| Mês | Preço |
|---|---|
| Mar/26 | R$ 7.897,00 |
| Fev/26 | R$ 7.819,00 |
| Jan/26 | R$ 7.979,00 |
| Dez/25 | R$ 8.142,00 |
| Nov/25 | R$ 8.309,00 |
| Out/25 | R$ 8.479,00 |
| Set/25 | R$ 8.653,00 |
| Ago/25 | R$ 8.673,00 |
| Jul/25 | R$ 8.850,00 |
| Jun/25 | R$ 8.763,00 |
| Mai/25 | R$ 8.782,00 |
| Abr/25 | R$ 8.610,00 |
Guia prático da Tabela FIPE para o Fiat Palio Weekend 1.6 MPI 16V 4p 1997
A Tabela FIPE funciona como uma referência essencial para o mercado automotivo brasileiro. Elaborada pela Fundação Instituto de Pesquisas Econômicas (FIPE), ela consolidou-se como base para avaliações de compra e venda de veículos usados, bem como para cálculos de seguros, financiamentos e reposições. No universo de seguros, esse referencial ajuda as seguradoras a entender o valor de mercado do bem em determinada época, servindo de baliza para cenários de indenização parcial ou total, bem como para a definição de coberturas, franquias e valores de reposição. Ao tratar do Fiat Palio Weekend 1.6 MPI 16V 4p de 1997, a leitura da Tabela FIPE pode parecer técnica, mas, na prática, ela fornece o racional que embasa decisões de proteção veicular: quanto mais preciso o parâmetro de referência, maior a aderência entre o custo do seguro e o valor efetivo do bem ao longo do tempo.

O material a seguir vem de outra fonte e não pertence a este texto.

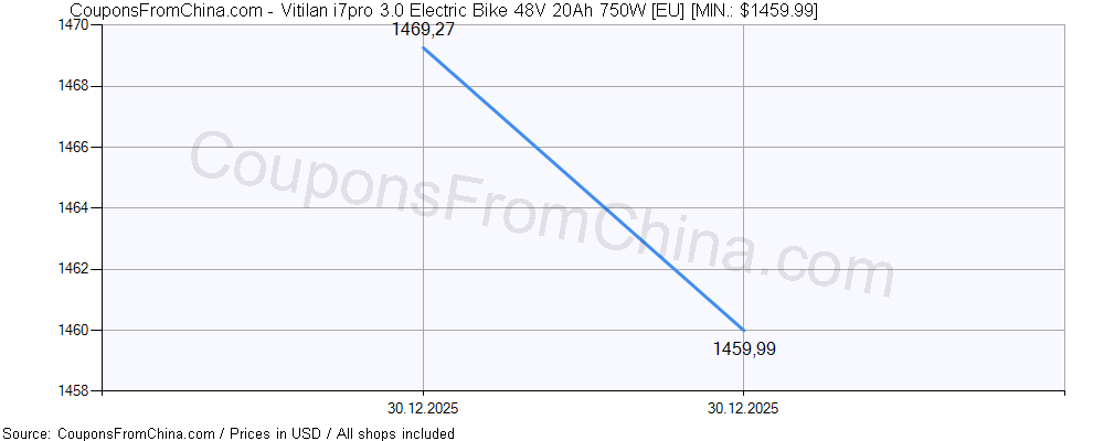 Do you need price history chart (for all/most countries) for Vitilan i7pro 3.0 Electric Bike 48V 20Ah 750W [EU]? There we go. The lowest price was: $1459.99.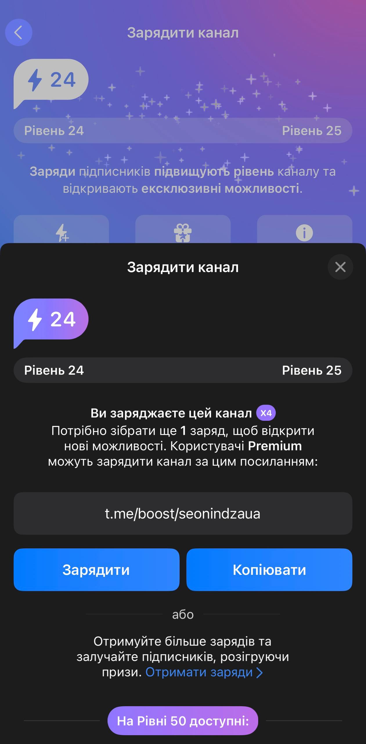 Telegram Boost – Посильте свій канал зарядами | Просування на 30 днів

Ficha Técnica do Fiat Palio Weekend 1.6 MPI 16V 4p (1997)
Abaixo, apresenta-se um resumo técnico, destacando os elementos que costumam interessar tanto a usuários quanto a seguradoras. Observação: esses itens descrevem características típicas do modelo da época e costumam constar da especificação original ou de registros históricos sobre o veículo.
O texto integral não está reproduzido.